Reassess HbA1c at 3 to 6 months. Body composition by DEXA or bioimpedance at 6 months. Fasting insulin + HOMA-IR alongside HbA1c — because someone with severe insulin resistance (high insulin with glucose still controlled) is closer to progression than the HbA1c number suggests.

What happened with Rafael

Rafael lost 8 kg (18 lbs) in 6 months, returned to training three times a week (exercise physiologist, a plan combining squat, deadlift, bench press, and a Zone 2 session on the weekend), began sleeping 7 hours with consistent timing. He cut out white bread at breakfast, did not cut wine.

HbA1c at 6 months: 5.4%. Fasting glucose: 89. Fasting insulin dropped from 19 to 7 µIU/mL. HOMA-IR dropped from 5.1 to 1.5.

He did not become diabetic. More importantly: he stepped off the path. In five years, without that turn, the probability was above 30% of being on metformin at 49, with his brother's pediatric nephrologist becoming the next family conversation. Instead, he is in a functional metabolic range that, maintained, can give him two more decades without established disease.

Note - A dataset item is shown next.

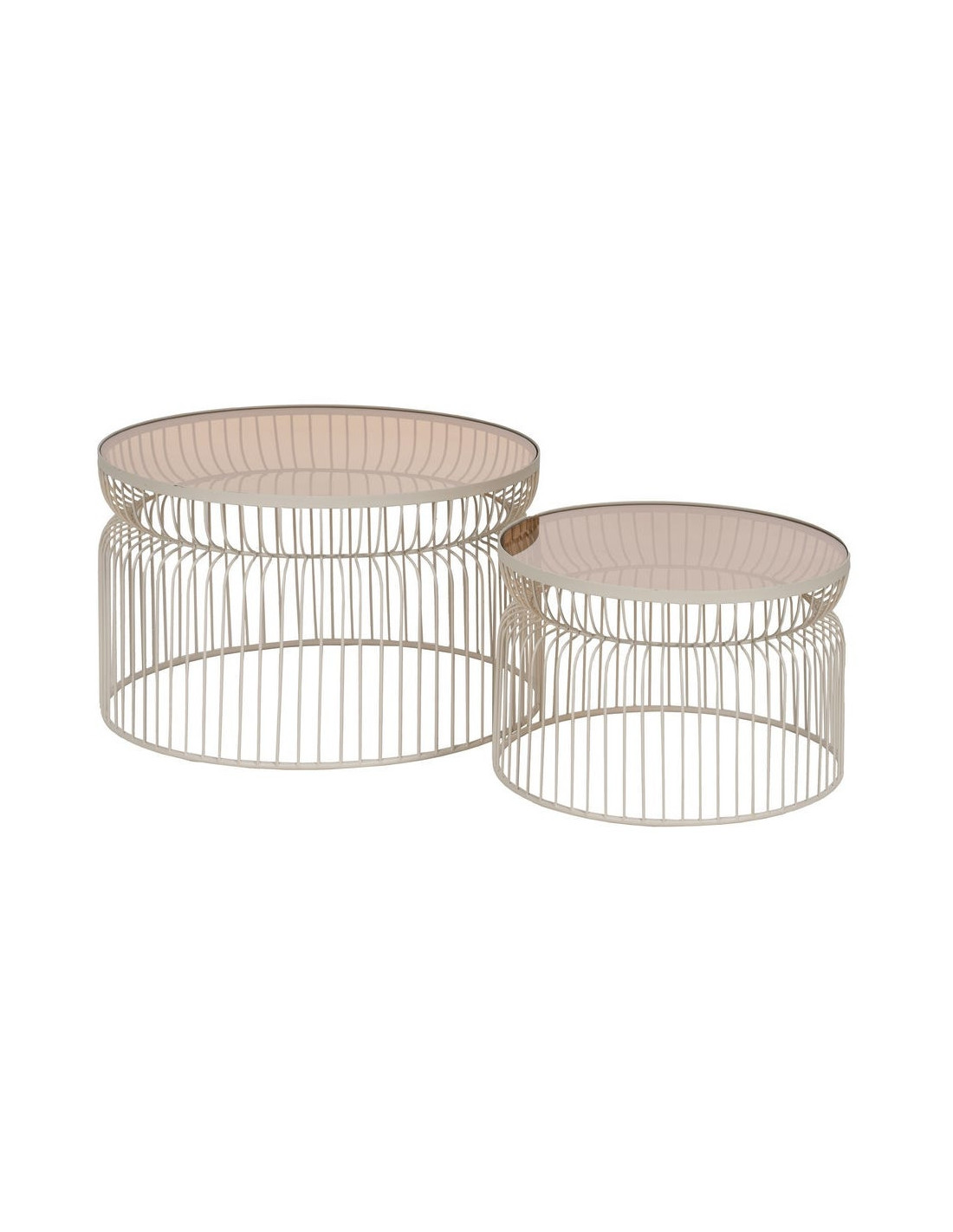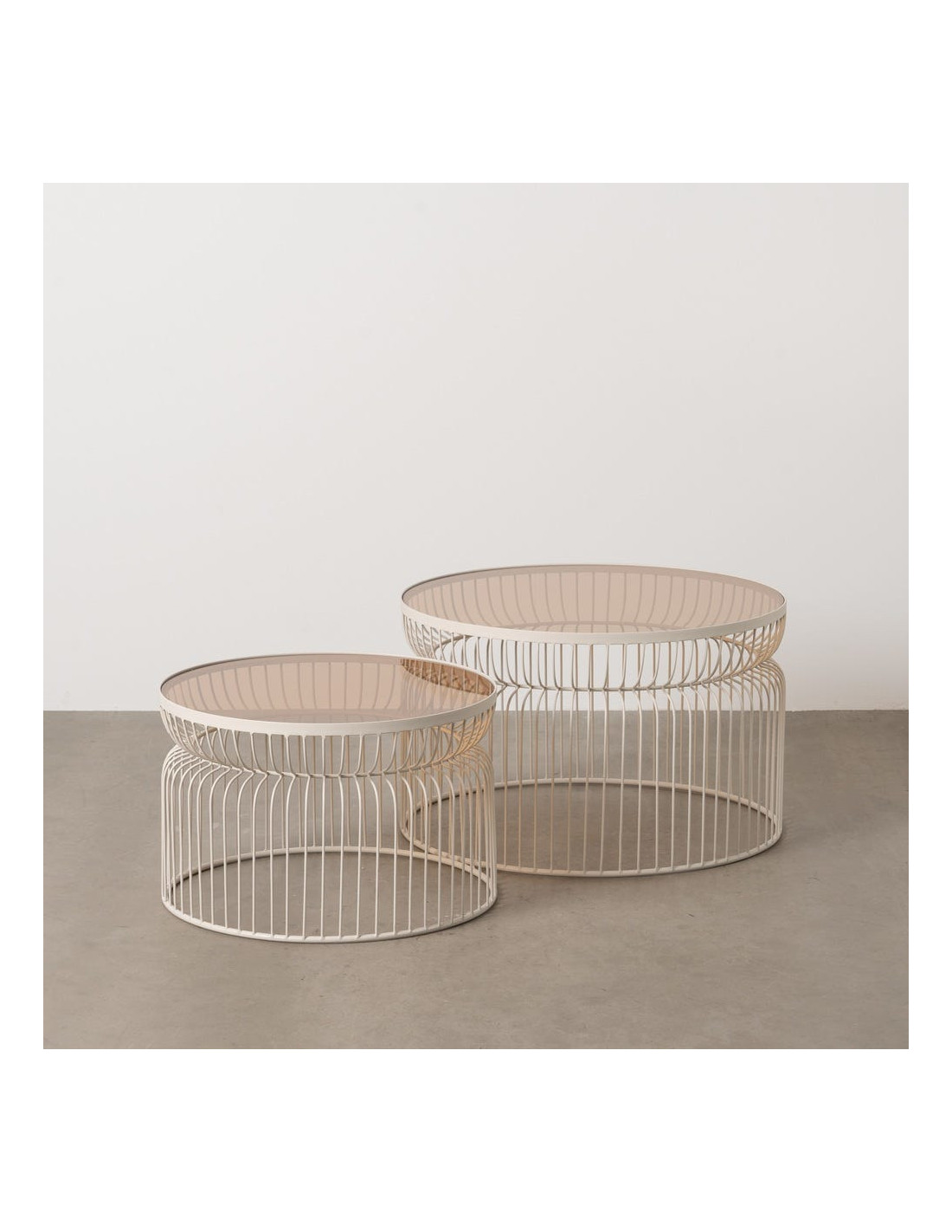 Table basse moderne grillage Ronde en Métal Blanc crème Verre Transparent Henia (Lot de 2) - 1

Why this requires follow-up, not a single visit

Pre-diabetes does not get resolved in one annual return visit. It gets resolved in panel — physician who reads the entire picture, nutritionist who rebuilds the plate without magic formulas, exercise physiologist who designs the strength plan, psychologist who steps in when fatigue, stress, and emotional eating make execution impossible. That is exactly the design of Continuum Plenya: integrated team, score that evolves over time, follow-up at 3 and 6 months to adjust.

Pre-diabetes is not a phase. It is a window. And windows close.